Internet retailer Amazon.com last night reported its first quarterly profit outside the holiday season as free shipping incentives and a new sporting goods store helped to swell revenue 33 per cent.
The company said sales in its current quarter, the biggest of the year, could top Wall Street expectations but forecast 2004 revenue roughly in line with prevailing analyst forecasts.
Shares in Amazon, which have more than tripled this year in a rally that some analysts warn has left the company overvalued, slipped just over 2 per cent in after-hours trade.
Amazon reported a third-quarter net profit of $16 million, or 4 cents per share, compared with a loss of $35 million, or 9 cents per share, a year earlier.

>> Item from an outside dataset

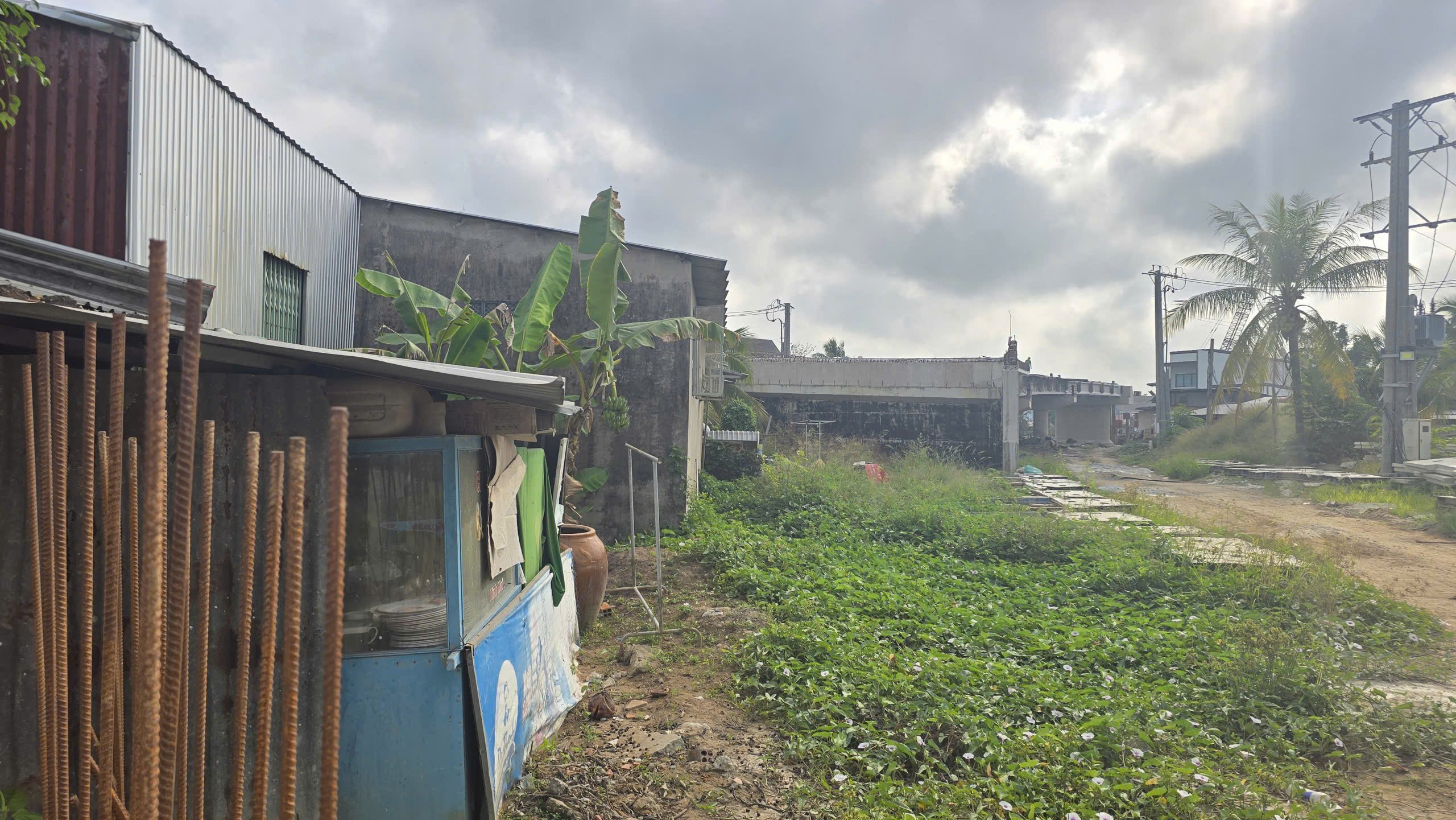 Đứng trên mặt cầu nhìn ngược phía đường dẫn mố M2 nối ra ĐT 922, hiện còn 3-4 căn nhà vẫn đang chắn ngay chân mố cầu, phía đầu đường dẫn cũng vướng mặt bằng của một quán cà phê.

Including the past two holiday quarters, this marked Amazon's third quarter of net profitability since it went public in 1997.
"Our strategy of lowering prices is benefiting customers and our business performance," Amazon's chief financial officer Mr Tom Szkutak told reporters.
Cheered by growing revenues at the Seattle-based web retailer, investors sent Amazon's stock price soaring since July last year, despite analysts' warnings that the stock is becoming overvalued.
Excluding stock-based compensation, amortization and other charges, Amazon said it earned a profit of $48 million, or 11 cents per share in the latest period.
Amazon shares slipped 2 percent to $57.91 in after-hours trade, compared with their Nasdaq close of $59.35, as investors turned their attention toward the web retailer's forecasts.
Third-quarter revenue rose to $1.1 billion from $851 million a year earlier. So far this year, Amazon has posted more than $1 billion in revenue every quarter, another first for the company.
For the fourth quarter, which is Amazon's most important because of the holiday and year-end buying season, the company is expecting revenue of $1.76 billion to $1.91 billion.